Outra particularidade do nosso processo revolucionário foi, ainda, o facto de as profundas
transformações económicas e sociais (nacionalizações, Reforma Agrária, controlo de gestão,
intervenção do Estado em empresas capitalistas e empresas sob gestão pelos trabalhadores)
terem dado origem a uma situação em que as relações de produção capitalista eram ainda
predominantes, mas já não eram determinantes. Isto significou que o desenvolvimento da
economia portuguesa se realizava não no sentido do capitalismo, mas no sentido do
socialismo. E nesta situação original criada em Portugal, como o nosso Partido na altura
destacou, víamos nós a confirmação das teses leninistas da diversidade de vias de passagem
ao socialismo no mundo contemporâneo.
A história mundial comprovou que a marcha dos povos em direcção a transformações
revolucionárias profundas, rumo ao socialismo, constitui um processo revolucionário único
que se rege segundo leis universais: a questão do poder político; o papel das massas e o
papel da classe operária e do seu Partido como vanguardas; a aliança da classe operária com
o campesinato e, em geral, com as massas trabalhadoras; a abolição da propriedade privada
capitalista e a socialização dos meios de produção; a transformação socialista da agricultura;
a elevação do nível de vida das massas populares; a revolução na esfera da ideologia e da
cultura; a independência nacional; o estabelecimento de relações de igualdade e amizade
entre os povos; a solidariedade com a classe operária, os trabalhadores e os povos de outros
países – o internacionalismo proletário.
Mas o desenvolvimento do processo revolucionário mundial é complexo e contraditório.

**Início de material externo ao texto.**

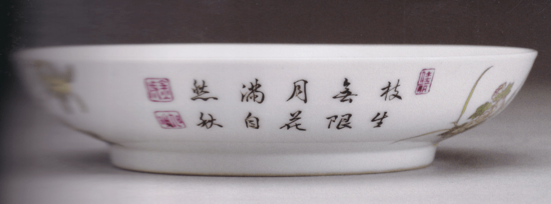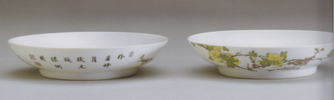 这对碟敛口、浅弧壁、矮圈足。器内平素无纹,二碟器外壁一面以赭墨绘湖石,四周并有竹、月季花、灵芝及野菊。外壁另-面以墨书写有「数枝荣艷足,长占四时春」诗句,其中前一句取自宋朝韩琦《月季花》一 诗,后一句则摘自明朝张新《月季花》七言绝句的尾句。诗句前有「凤采」, 后有「彬然」(白文)、「君子」共三枚红料印。器底带「雍正年制」二行蓝料宋体字双方框款。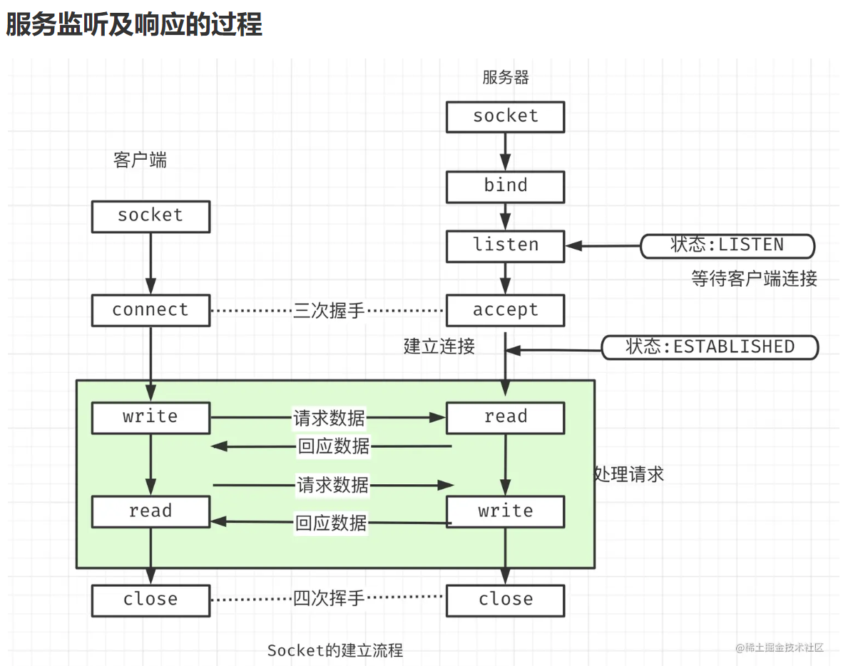 服务器监听及响应的过程

Daí que Lénine, no seu tempo, se opusesse à ideia de que o desenvolvimento da revolução
decorresse em todos os países segundo o mesmo padrão. Numa das suas obras escreve:
«Todas as nações chegarão ao socialismo, isso é inevitável, mas chegarão todos de modo
não exactamente idêntico, cada uma trará uma peculiaridade, nesta ou naquela forma de
democracia, nesta ou naquela variedade de ditadura do proletariado, neste ou naquele ritmo
das transformações socialistas dos diferentes aspectos da vida social. Não há nada mais
pobre do ponto de vista teórico e mais ridículo do ponto de vista prático do que, "em nome
do materialismo histórico", imaginar o futuro neste aspecto de uma cor acinzentada
uniforme: isso não seria mais que uma borrada de Súzdal.» 1
A história comprovou que a negação da interacção dialéctica entre o geral e o particular tem
conduzido a interpretações erróneas quando da sua aplicação aos fenómenos sociais,
designadamente a revolução social.
Há concepções que, negando as leis gerais de desenvolvimento social, atribuem ao
particular, às condições concretas de cada país, um carácter absoluto. Por outro lado, há
concepções dogmáticas que, menosprezando as condições históricas concretas de cada país
no desenvolvimento dos processos revolucionários, atribuem valor absoluto às leis gerais.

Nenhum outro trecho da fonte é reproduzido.